実際に肌で感じ、自分の目で見ることで初めて感じることが出来る尾瀬の魅力や大切さ。
参加者のみなさんも大いにその魅力を味わえたようでした。

燧ケ岳(ひうちがたけ)を背に尾瀬の魅力を味わう参加者

子どもたちも尾瀬の植生に興味津々

「木道は入山者に歩きやすくというためだけではありません。湿原の踏み荒らしを防ぎ、植生の保護をするためには必要不可欠なのです。」と笹原さんに教わった木道の全長はなんと65km。

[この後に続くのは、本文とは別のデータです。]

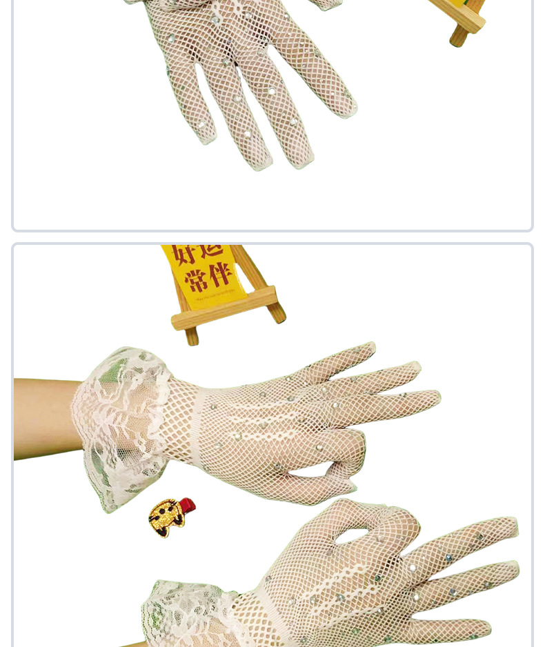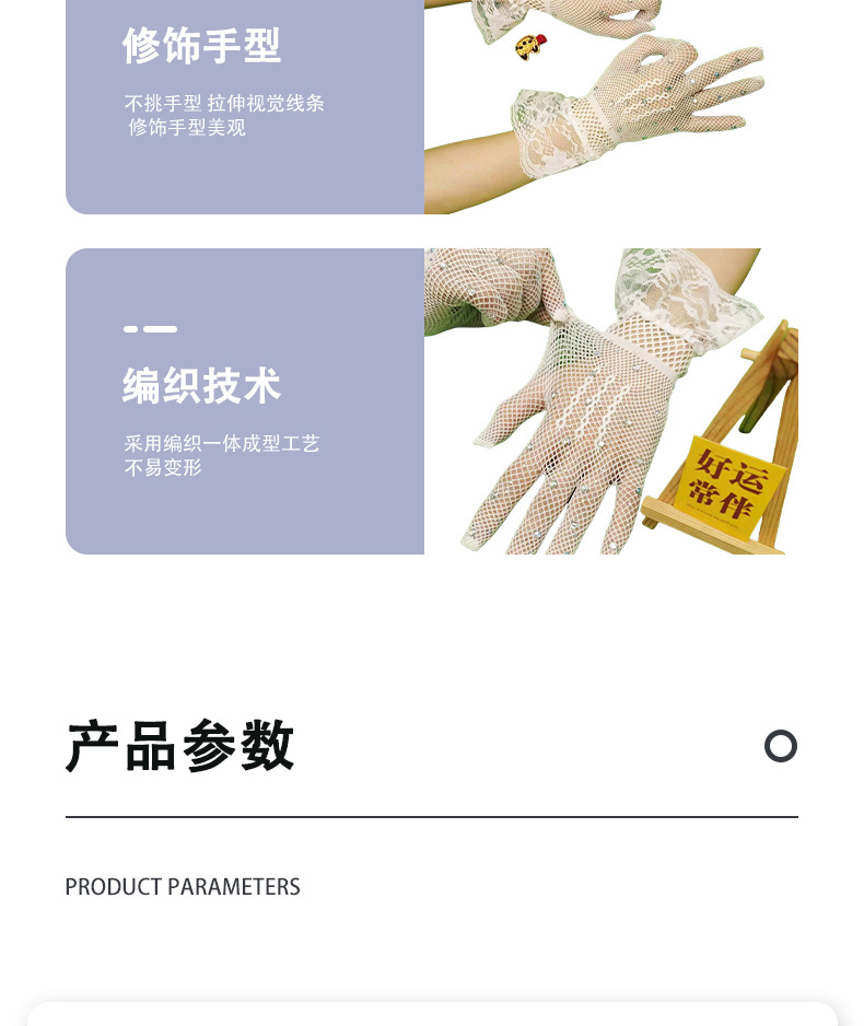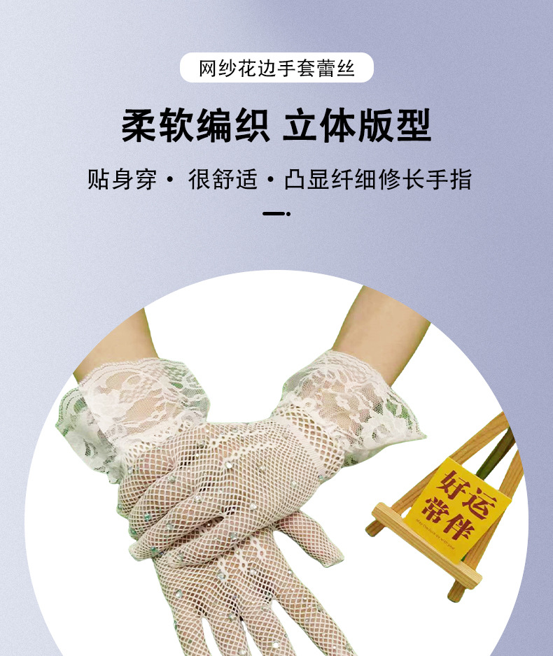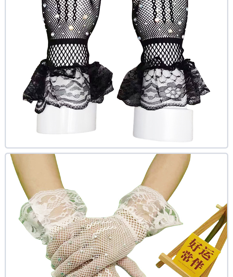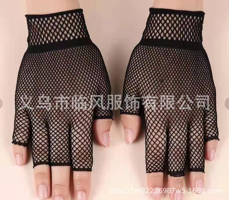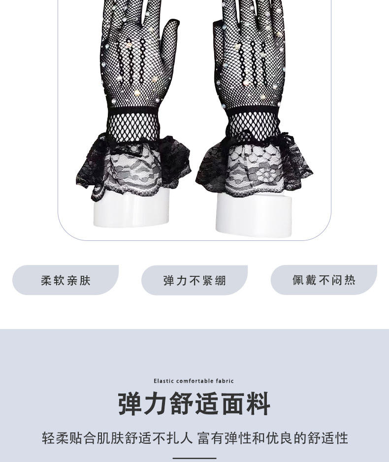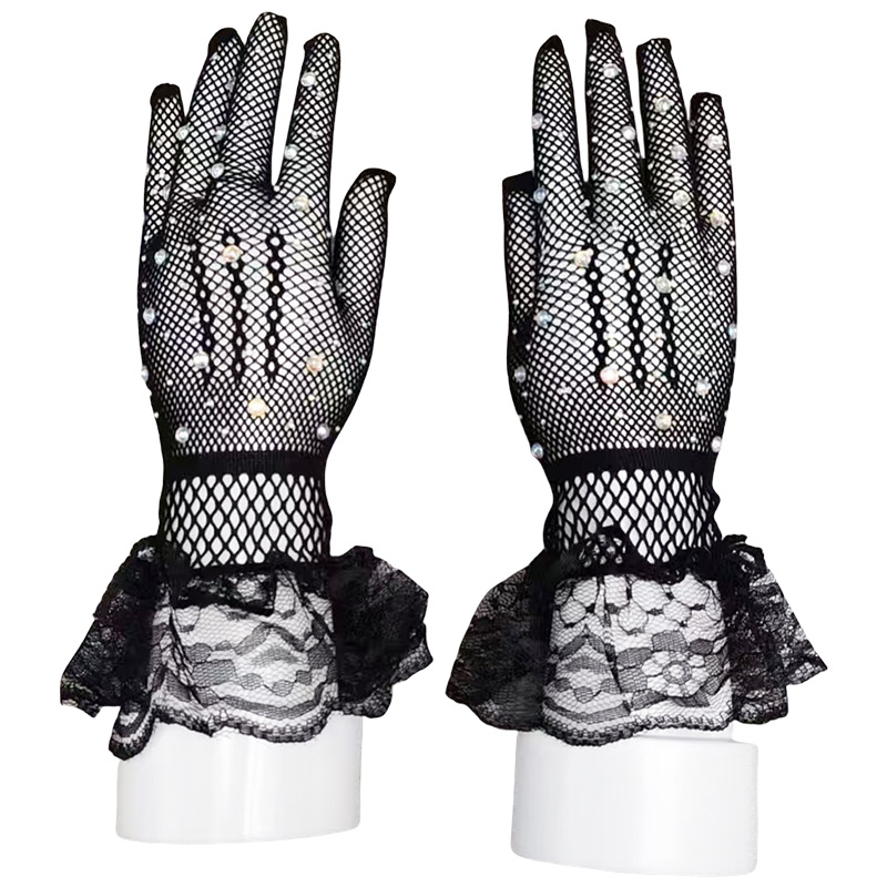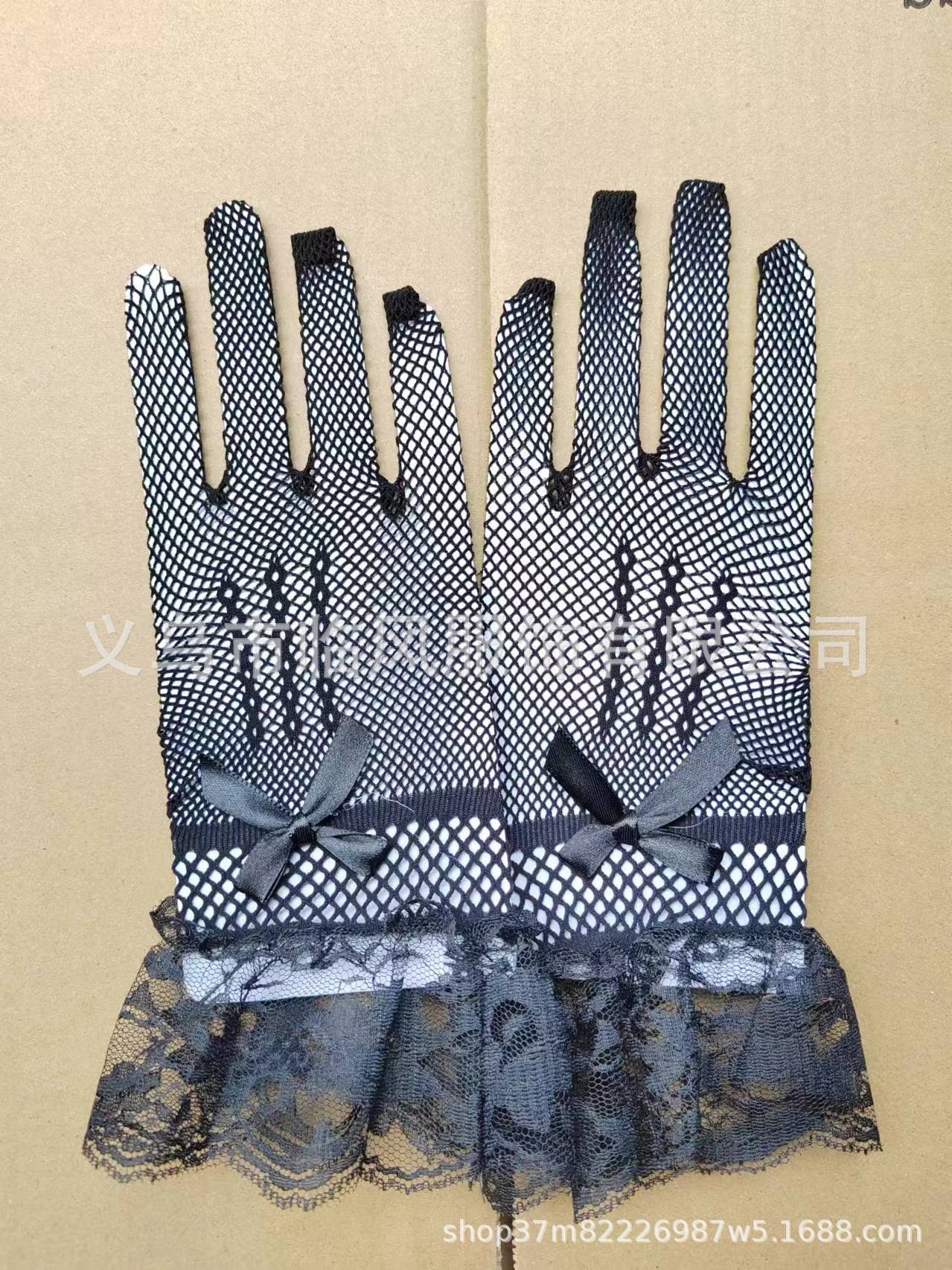 여성을위한 국경 얇은 메쉬 장갑 중공 여름 블랙 스트레치 레이스 핫 다이아몬드 치파오 댄스 보우 짧은 스타일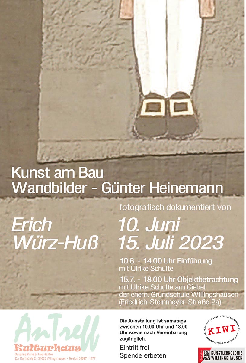 WILLINGSHAUSEN. Das Kulturhaus AnTreff in Willingshausen zeigt in Zusammenarbeit mit der Kultur-Initiative-Willingshausen e.V. (KIWI) vom 10.6. bis zum 15.7. Fotografien von Wandbildern des Willingshäuser Künstlers Günter Heinemann. Die Wandbilder sind als „Kunst am Bau“ bei öffentlichen Bauvorhaben entstanden und können als solche nicht im Original in einer Ausstellung zusammengeführt werden.

尾瀬の多様で原生的な美しい自然と湿地を中心とする生態系を保全するために、定期的な整備を行っています。

珍しい動植物と出会う

この日は入山者が多く、牛首分岐までは行けなかったが、景色のいい場所でお弁当を食べるなど2時間ほど尾瀬ケ原を散策。木道脇のヤチヤナギの香りを楽しんだり、池塘(湿原にできた池沼)では、アカハライモリやハッチョウトンボなどを発見した。ガイドの児玉悦子さん(60)は、「植物研究見本園では、池塘に咲くオゼコウホネとヒツジグサの見分け方も観察できた。 この貴重な自然の宝庫・尾瀬をみんなで守っていきたいと思う」と語りかけた。

池塘に咲く花を発見!

池塘に白い花を咲かせるヒツジグサ

自然の中で食べるお弁当はおいしい

モリアオガエルも卵を産み落とす池塘。ここは生物にとっての貴重な場所です。参加者のみなさんも感激された様子。

学んだこと、伝えたい

そろそろ鳩待峠に向け出発。積極的にガイドに質問し、環境への興味を深めた野崎天資君(10)=吉岡町=は、「来年の尾瀬学校で今日学んだことをみんなに教えてあげたい」と大張りきり。父の大さん(36)は、「写真や映像で何度も見てきた尾瀬だが、実際に来なければわからない美しさがあった」と感激していた。
 標高差200mの山道を登り、午後4時ごろ、鳩待峠に到着。閉会式で中西勅裕支社長は、「天候に恵まれ、最高のツアーになった。皆さんは尾瀬の伝道師。ぜひ、尾瀬のすばらしさを伝えてほしい」と笑顔で話した。

鳩待峠に到着!ハイタッチで喜びあう

アサヒビール群馬支社 中西勅裕支社長

自然保全の大切さを学んだ参加者

「私たち尾瀬環境保護財団も尾瀬の保護活動を通じて、日常の環境教育のめばえになればと考え、活動しています。」と前回の取材で語ってくださった笹原さん。今回のツアーが環境教育のめばえにつながれば幸です。